During daylight hours, the horrible beast remained in the basement, behind the hot water heater. Each time Mother told me to go to the basement and fetch a can or bottle of foodstuff purchased at the A&P, only I knew what waited down there, and it wanted me as dead as it was. I zoomed down those stairs, made a hard left at the furnace, followed by another hard left, running by washing machine and dryer, latching on to a bottle of catsup or a can of French style beans. Turning around in a nanosecond, I passed by dryer and washer, plowed a right at the furnace, twisted again, and flew up those stairs. I never saw it. But I felt it. I knew when the time came for it to finally end its horrid game, I'd likely die of fright.
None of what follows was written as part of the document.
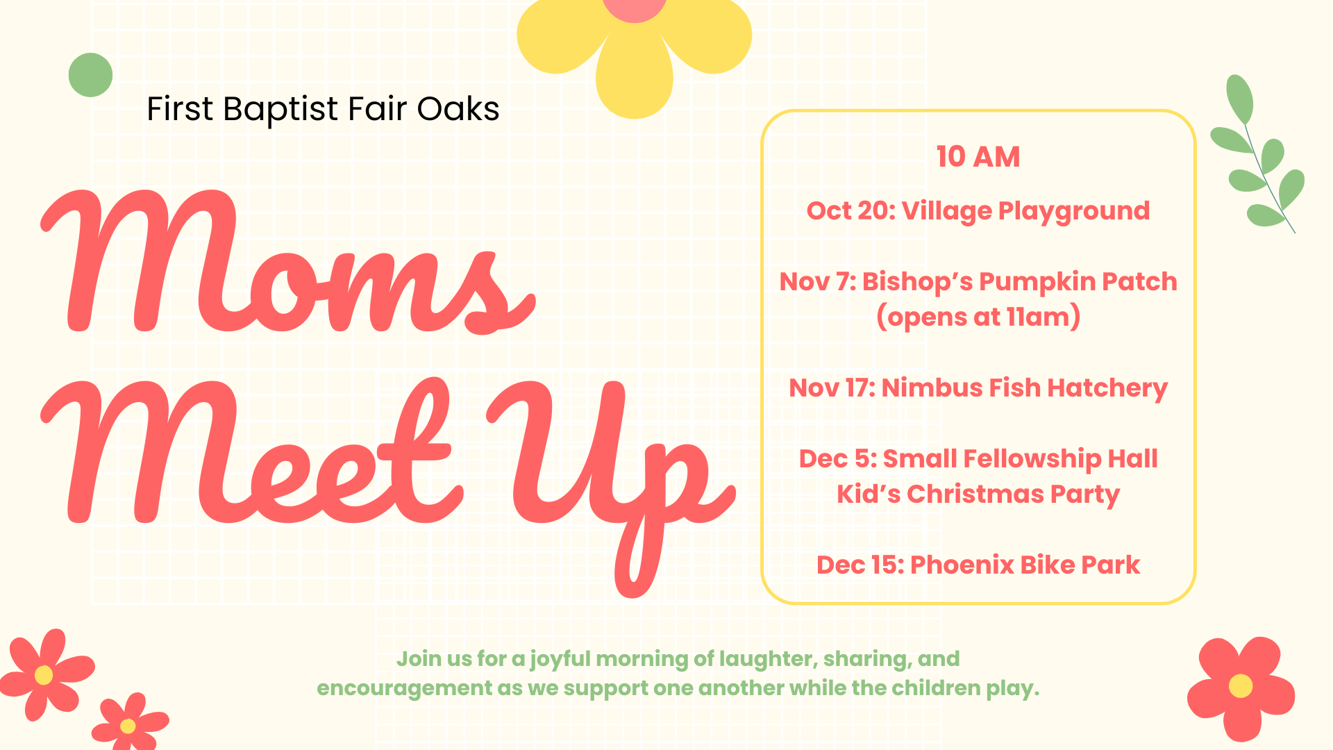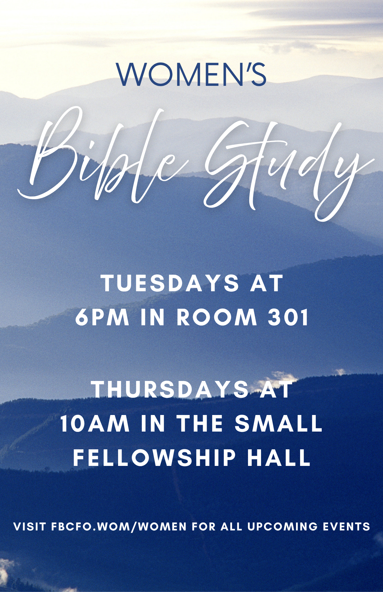 Mission: The Fair Oaks Women's ministry is committed to providing Bible studies, fellowship events, and service opportunities for women to live out their faith in a Christ-centered community so they may grow in unity in Christ and bring glory to God.

Although I never saw its coffin, either, I was certain it was a shiny, steel affair, glossy rayon cloth, lining its steel interior with soft pillow for my eventual still, dead head. While it screwed down the lid tightly, roaring and cackling, I'd kick and scream. Dad's specter would bury me behind Mount Calvary Cemetery in that dreadful swamp. I was convinced it was justified: A life for a life.
Following that, the creature would transport my soul to its assigned place of eternal damnation. I wouldn't get to see Saint Peter at the Golden Gate. Straight to hell; that's where I'd go. The monster would tell the Prince of Darkness, "This is the boy who killed me."
"Thus, shall I assign him to stoking my furnaces," announced Lucifer. Tossing back his head, Beezlebub then bellowed, "That's where all my murderers go. Boy, did you hear me?"
"I didn't mean to kill him," I screamed. "I didn't mean it."
"But you killed him, anyway," retorted the hideously, grinning, fallen archangel, saliva hanging in columns between its upper and lower blood-red, shark-like teeth. "I find you guilty. Your fellow murderers await you. Begone, boy."
To protect myself from an imminent childhood death, I learned I must have friends accompany me to any event that occurred in darkness. I'd no longer venture alone in the dark. The specter was aware. It returned to our basement and waited. Undoubtedly, it would eventually catch me. It was not only a matter of time, the beast was positive I'd let my guard down.